Another literary genre introduced in this period was the historical novel, the first published by M.-B. Ḵosravī in 1327/1909. These works provided a means of escape from a sense of national impotence in the face of foreign intervention and were aimed at restoring Persian self-confidence through the renewal of ancient splendor. The protagonists of most were powerful national heroes, especially those of the pre-Islamic past. Examples include Ešg wa salṭanat (Love and sovereignty), on the conquests of Cyrus the Great, published by Mūsā Naṯrī in 1337/1919; Dāstān-e bāstān (A story of ancient times), on the rise of the Achaemenids and the love story of Bīžan and Manīža, published by Mīrzā Ḥasan Khan Badīʿ in 1338/1920; and Dāmgostarān yā enteqām-ḵᵛāhān-e Mazdak (Trap setters, or The avengers of Mazdak), on the reasons for the fall of the Sasanians and the Arab conquest, published by Ṣaṇʿatīzāda Kermānī in 1339/1921. These novels differed in historical accuracy, style, and literary value but formed an important link in the development in Persia of the novel in the European sense (Āryanpūr, II, pp. 238-58; Kamshad, pp. 41-53; Nikitine, pp. 297-336).

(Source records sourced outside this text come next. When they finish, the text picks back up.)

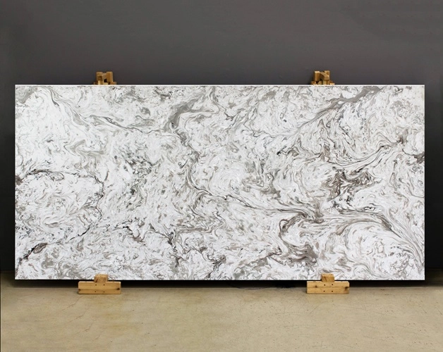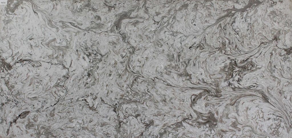 Sản phẩm đá Vicostone Avalanche độc đáo với những đường vân xám điểm xuyết màu nâu đậm vần vũ, hoà quyện vào nhau tạo thành những vòng xoáy như những con mắt bão cùng hiệu ứng chuyển tiếp nhẹ nhàng và tự nhiên giữa vân và nền đá.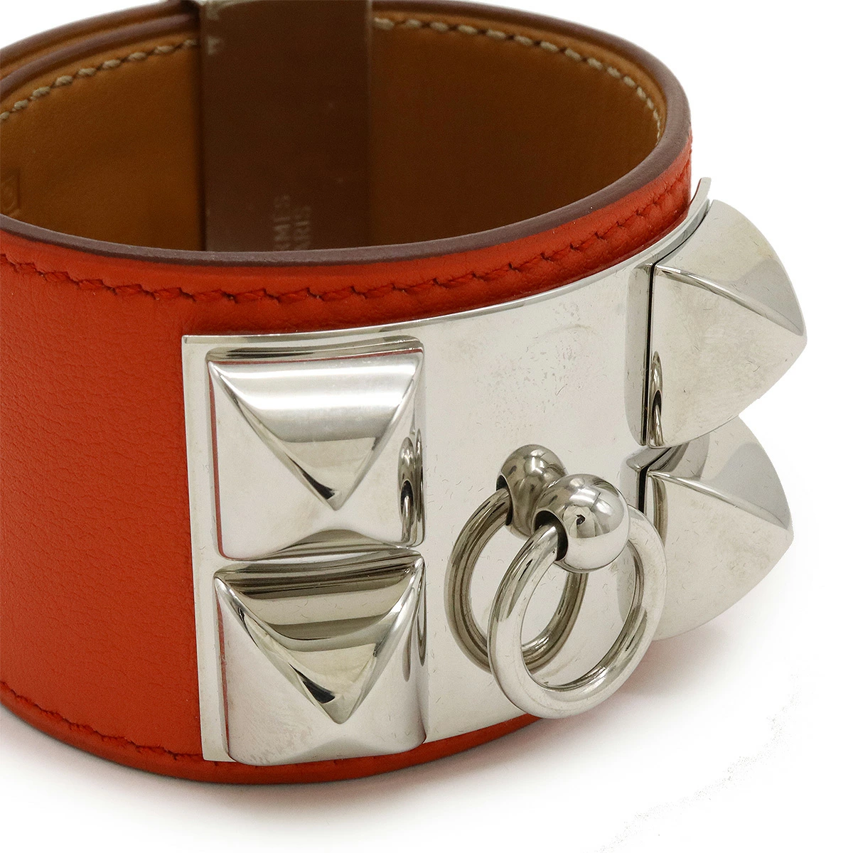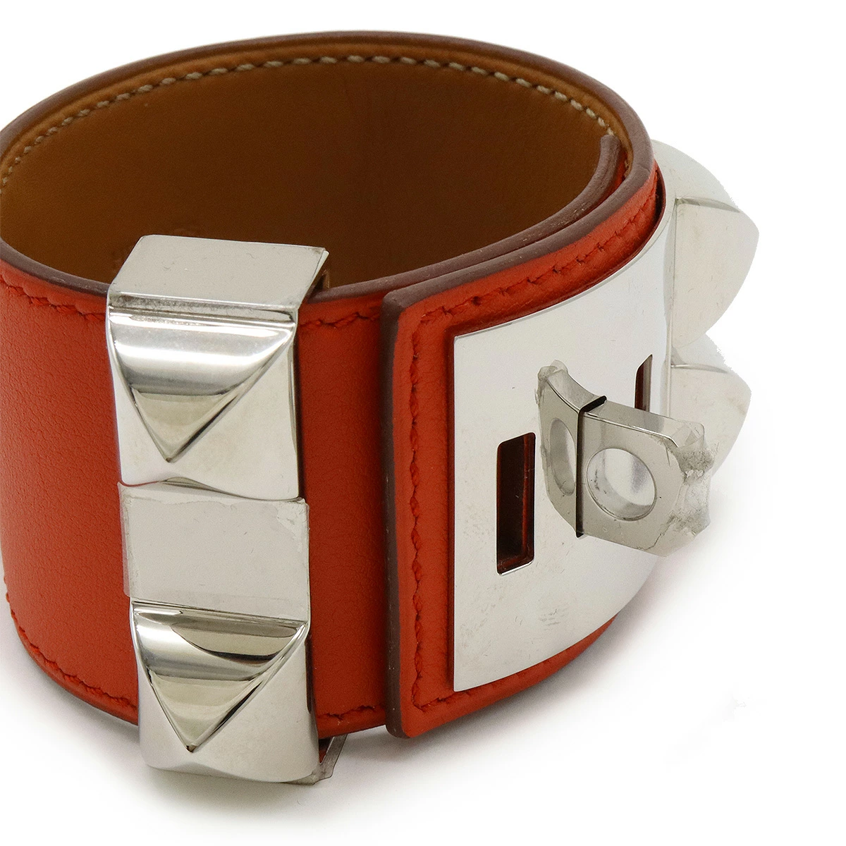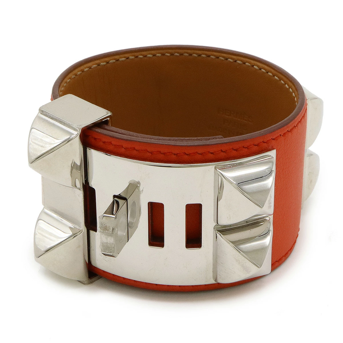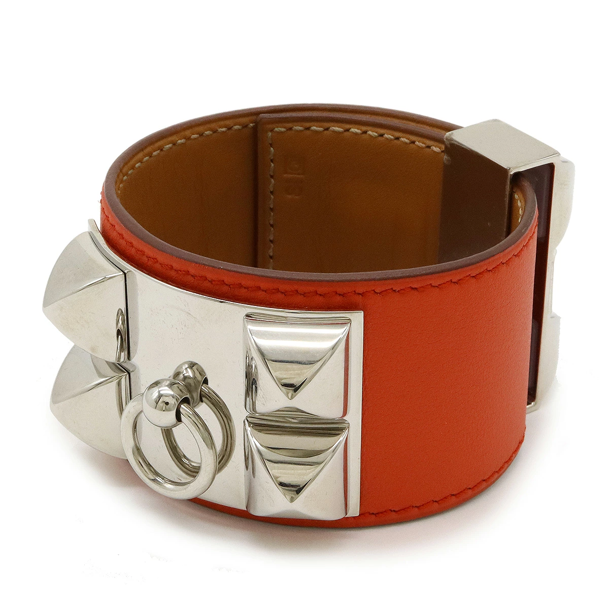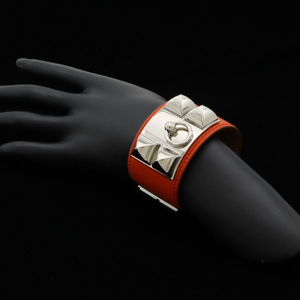 ワイドな幅と大きめのスタッズがインパクト抜群で重厚感のあるバングル。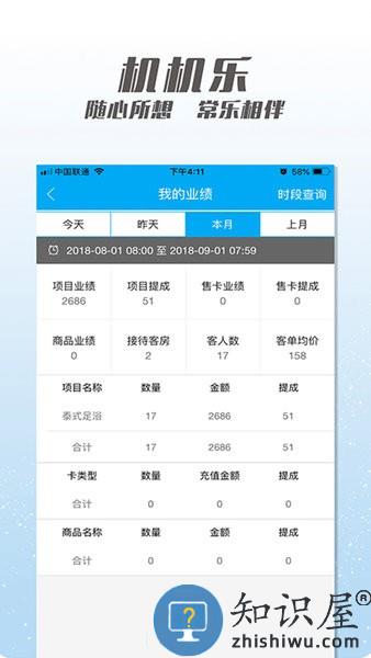 每天都会为你统计业绩情况,每天的客人数、充值金额、接待客房等等;
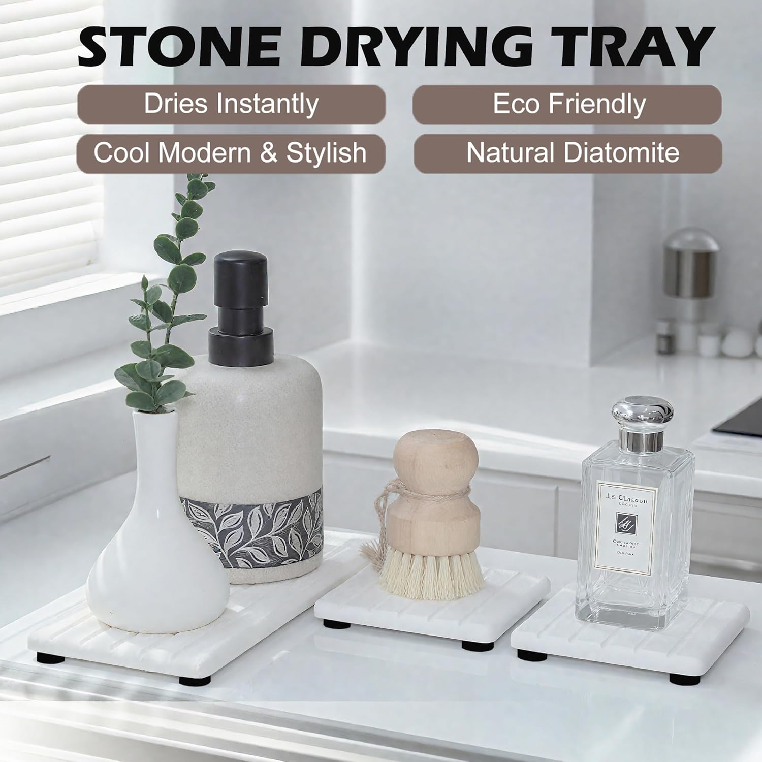 • Multi-use --- This water absorbing stone tray is suitable for bathroom sink, kitchen counter and other scenes. It can be used as soap/water cups/hand soap bottles/dishwashing sponges/make-up bottles etc absorbent pads; Use our absorbent stone trays to keep your sink / counter dry and clean, making life tidy and orderly.

Theater groups had begun to present plays in Persia on the eve of the Constitutional Revolution, but dramatic writing during most of the period under discussion was limited mainly to translations or adaptations of foreign plays.
Postconstitutional period. Toward the end of this period Aḥmad Maḥmūdī and Ḥasan Moqaddam (ʿAlī Nowrūz) began to write original plays of literary or dramatic value (Āryanpūr, I, pp. 342-66, II, pp. 288-315). Prose writers in general were less inhibited in introducing new forms and modes of expression than the poets, because Persian classical prose had never enjoyed the high esteem of poetry. Whereas poets frequently stumbled over classical obstacles on the way to a modern poetics, prose writers followed a smoother path in a parallel direction. The thematic, stylistic, and formal modifications introduced gradually over several decades crystallized in the first collection of modern Persian short stories, published by Moḥammad-ʿAlī Jamālzāda in 1300 Š./1921, with an introductory literary manifesto. It marked the beginning of the modern phase of Persian prose literature (Kamshad, pp. 90-113).